MATERIAL PROVIDED:
=-=-=
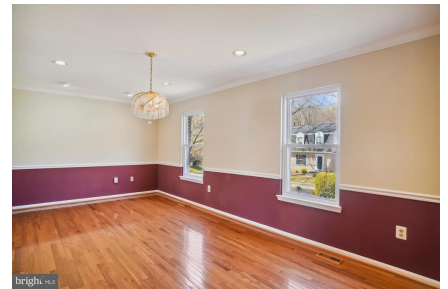
Dining room w/ custom wood floors, natural light.
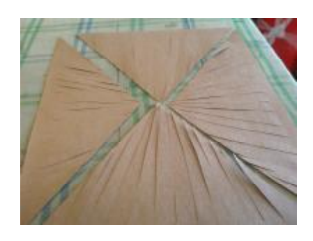
The first layer of convection currents should look like this.
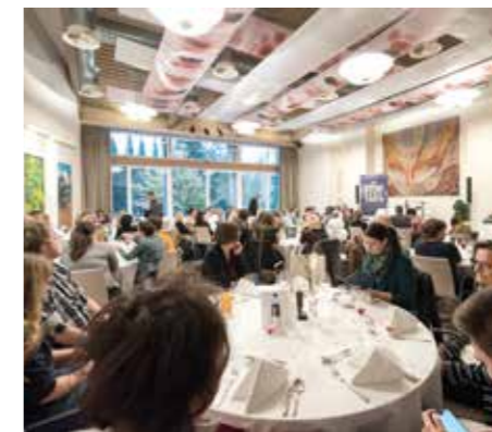
Crime Festival Carinthia
=-=-=
EXERCISE DETAILS: When you write out the material, reproduce each line exactly and omit any picture it holds.

THE COMPLETED TASK:
Dining room w/ custom wood floors, natural light.
The first layer of convection currents should look like this.
Crime Festival Carinthia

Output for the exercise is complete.